The dual scaling system actually makes perfect sense from a design perspective - it creates natural breakpoints that prevent mindless grinding and forces players to engage with appropriately challenging content.
If monsters gave static XP regardless of your level, you'd have people farming Act 1 zombies at level 50 because it's safe and easy. The penalty system exists specifically to push you toward level-appropriate zones where the risk/reward actually matters.
The exponential curve isn't there to annoy you - it's there to make each level feel meaningful. When leveling gets trivial, the whole progression system becomes pointless. Your suggestion would basically turn the game into an idle clicker where optimal play is finding the safest mob you can one-shot.
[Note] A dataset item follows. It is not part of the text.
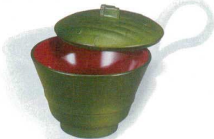
7-149-1 (31000320) ¥1,800 若竹 内朱 (小) TA (フタ ¥840) (オヤ ¥960)

小: φ103×H93 (H68) 250cc, 102g (67g) 大: φ115×H87 (H62) 295cc, 116g (74g)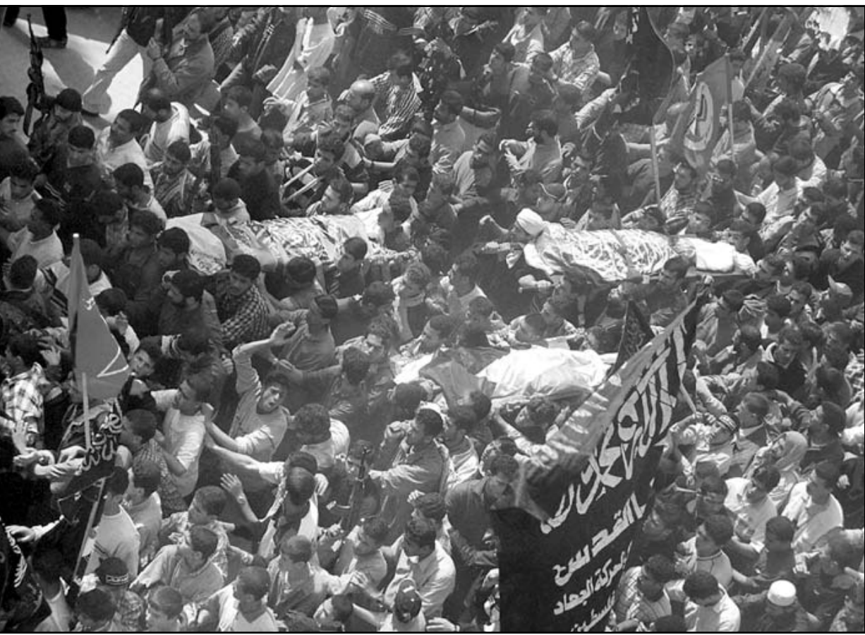
فلسطينيون يشاركون في تشييع جثامين ثلاثة شهداء فلسطينيين في رفح

■ غزة - رام الله - بيت لحم - القدس العربي - وكالات: استشهد ستة فلسطينيين وقتل اسرائيلي في الضفة الغربية وقطاع غزة فيما وصلت اسرائيل عدوانها على الاراض الفلسطينية حيث توغلت الدبابات والجرافات الاسرائيلية في مخيم لاجئين الفلسطينيين بحي البرازيل في وقت مبكر من امس في جنوب قطاع غزة قرب الحدود مع مصر وفي مدينة بيت لحم.

The current system works. Maybe the tuning needs adjustment, but removing either component would break the entire leveling flow.
a lot of people just stop leveling around 80, which makes 20% of the progression system pointless.
That's exactly my point though - the system is working as intended by creating a natural stopping point where casual players can feel "done" while still leaving room for dedicated players to push further.
Just because people choose not to engage with the last 20% doesn't make it pointless. It's like saying endgame bosses are pointless because most players never kill them. The progression ceiling exists for those who want it, not as mandatory content everyone must complete.
If anything, having that optional higher level range gives the game longevity. Remove the exponential scaling like the OP suggests and you'll have people hitting max level in a weekend, then complaining there's nothing left to do.
The "problem" you're describing is actually good game design - it lets different player types find their natural stopping point instead of forcing everyone through the same linear treadmill.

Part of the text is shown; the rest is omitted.